What to do
Could you transcribe exactly the lines from the one containing "ROBERTO SGUANCI Coppia" through the last line of the records below, leaving out the pictures?
==== Entries supplied ====
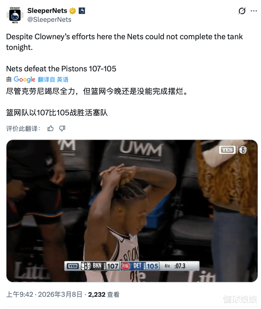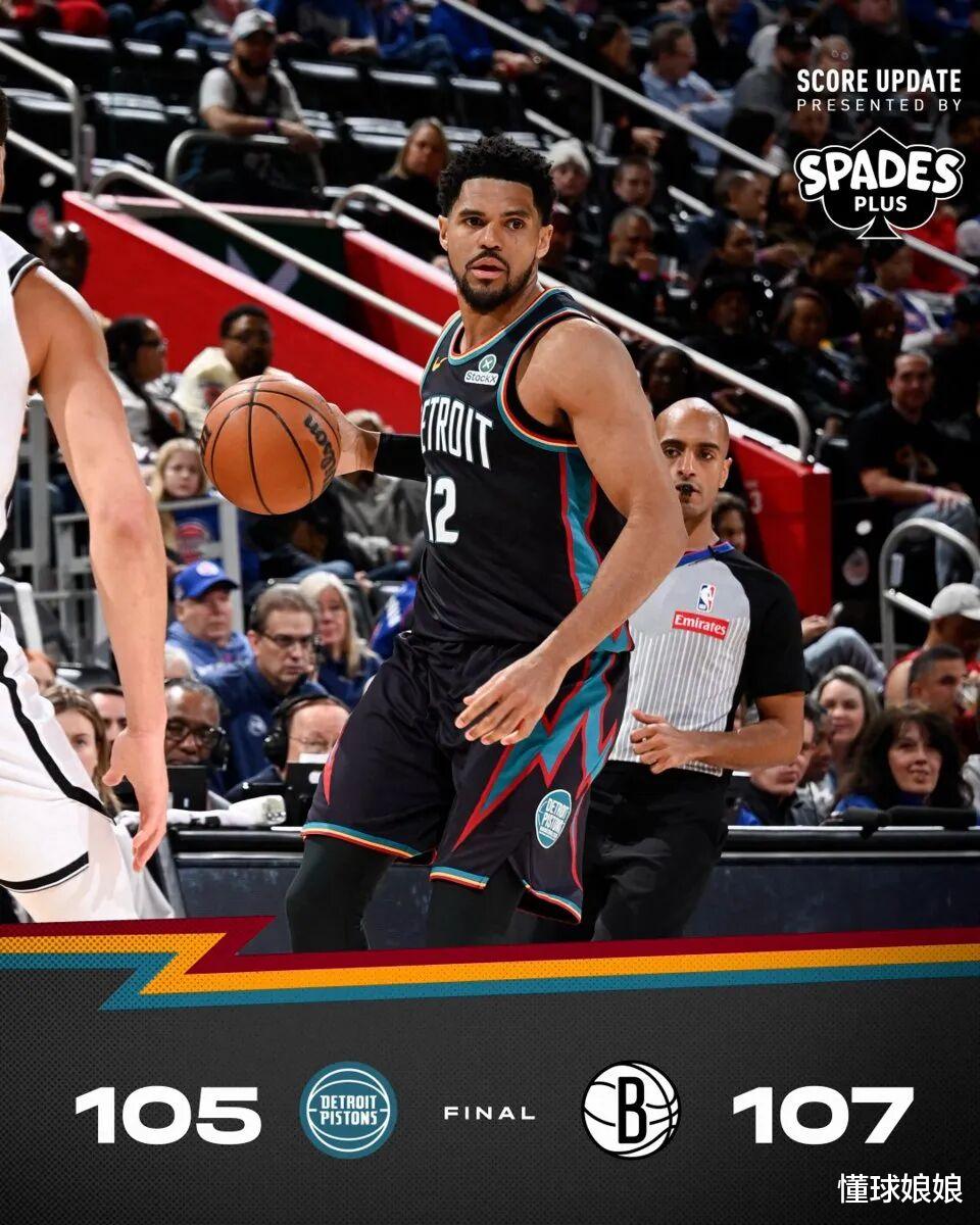 不过话说,活塞啊,就算今天你们没有坎宁安,没有奥萨尔-汤普森,但是输给篮网会不会也有点太难看了?就这两个关键球执行得乱七八糟的……第一个
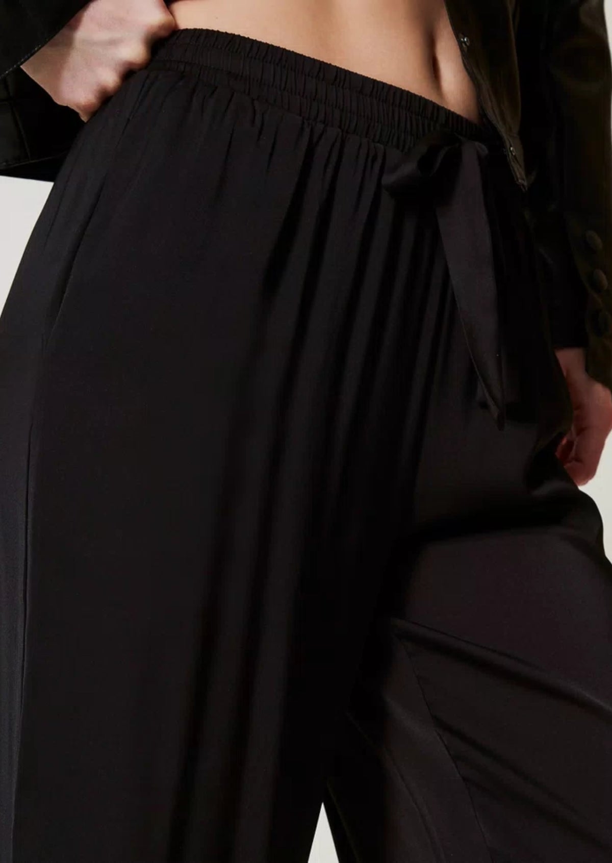 Pantaloni Jogging in raso di cotone, con fascione elastico e coulisse decorativa in raso. Tasche inserite nei fianchi, elastici al fondo, targhetta logo sul dietro.
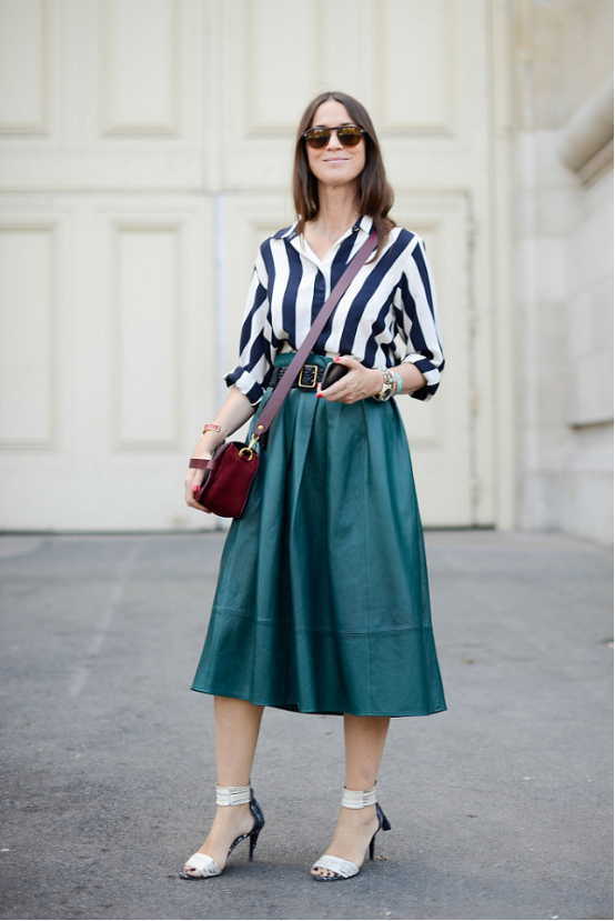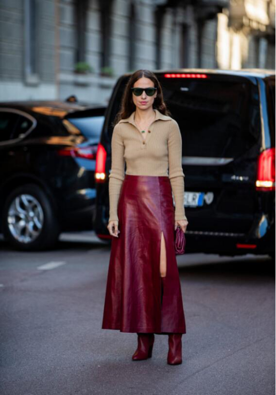 要是走酷飒路线的姐妹,就可以选择皮质面料的长裙,加上高开叉的设计,显得性感又迷人。由于皮质面料的存在感是非常强的,所以就选择纯色系得上衣来搭配它,就会显得有所侧重,非常有层次感,可以说是十分吸睛的了。
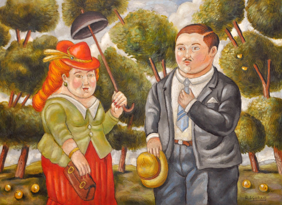 ROBERTO SGUANCI Coppia nel parco (Omaggio a F. Botero) Olio su cartone cm. 50x70 firmato Scorniciato
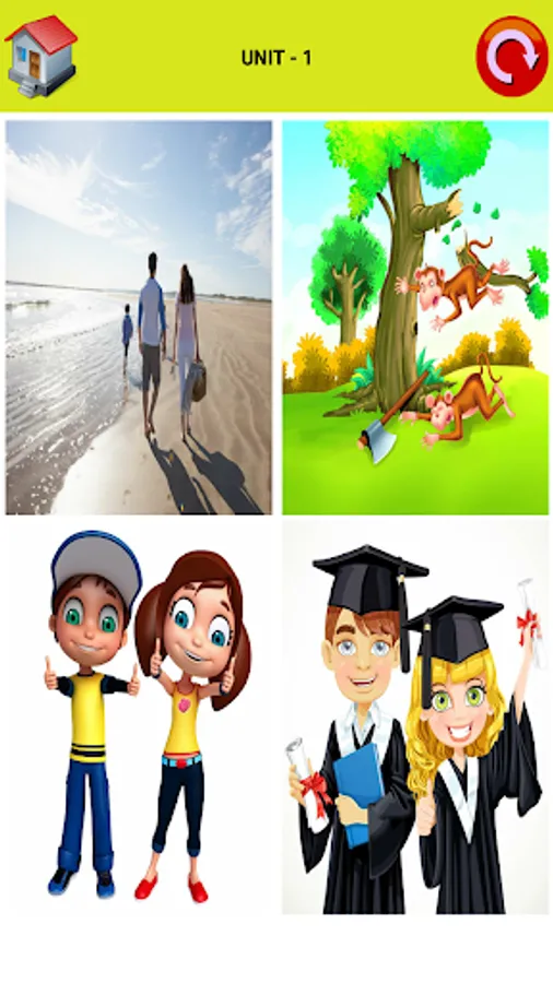 4- The fourth part: it consists of reviewing the words at the end of each lesson by listening to the word and choosing the correct image to confirm and confirm the memorization process.
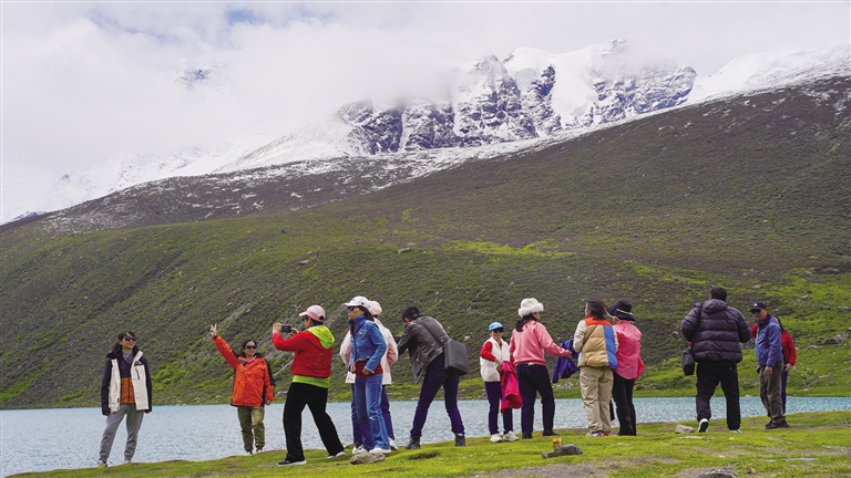 “眼前的景色如此浩瀚,無論我們?nèi)绾闻Γ紵o法將其完全收入眼底;手中的相機(jī)快門不停地按下,卻總感覺無法捕捉到每一處細(xì)節(jié)的美麗;社交媒體上的照片和視頻,雖然已經(jīng)分享了無數(shù),但總覺得還有更多美好未能展現(xiàn)。言語在這一刻顯得如此蒼白無力,無法完全傳達(dá)我們面對(duì)美景時(shí)的激動(dòng)心情?!边@是河南游客張曉明和劉芳夫婦對(duì)薩普雪山的贊美。置身于這絕美的畫卷中,一聲聲驚嘆,是他們對(duì)大自然鬼斧神工的贊美,也是他們內(nèi)心震撼的真實(shí)寫照。
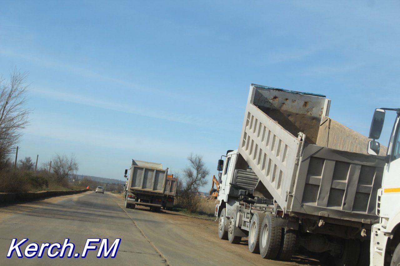 В Керчи около поворота на Приозерное продолжают активно работать земснаряды, которые добывают грунт и песок из воды. Как передает корреспондент Керчь.ФМ, на обочине стоят несколько самосвалов, которые увозят этот песок.
====
Output
 ROBERTO SGUANCI Coppia nel parco (Omaggio a F. Botero) Olio su cartone cm. 50x70 firmato Scorniciato
 4- The fourth part: it consists of reviewing the words at the end of each lesson by listening to the word and choosing the correct image to confirm and confirm the memorization process.
 “眼前的景色如此浩瀚,無論我們?nèi)绾闻Γ紵o法將其完全收入眼底;手中的相機(jī)快門不停地按下,卻總感覺無法捕捉到每一處細(xì)節(jié)的美麗;社交媒體上的照片和視頻,雖然已經(jīng)分享了無數(shù),但總覺得還有更多美好未能展現(xiàn)。言語在這一刻顯得如此蒼白無力,無法完全傳達(dá)我們面對(duì)美景時(shí)的激動(dòng)心情?!边@是河南游客張曉明和劉芳夫婦對(duì)薩普雪山的贊美。置身于這絕美的畫卷中,一聲聲驚嘆,是他們對(duì)大自然鬼斧神工的贊美,也是他們內(nèi)心震撼的真實(shí)寫照。
 В Керчи около поворота на Приозерное продолжают активно работать земснаряды, которые добывают грунт и песок из воды. Как передает корреспондент Керчь.ФМ, на обочине стоят несколько самосвалов, которые увозят этот песок.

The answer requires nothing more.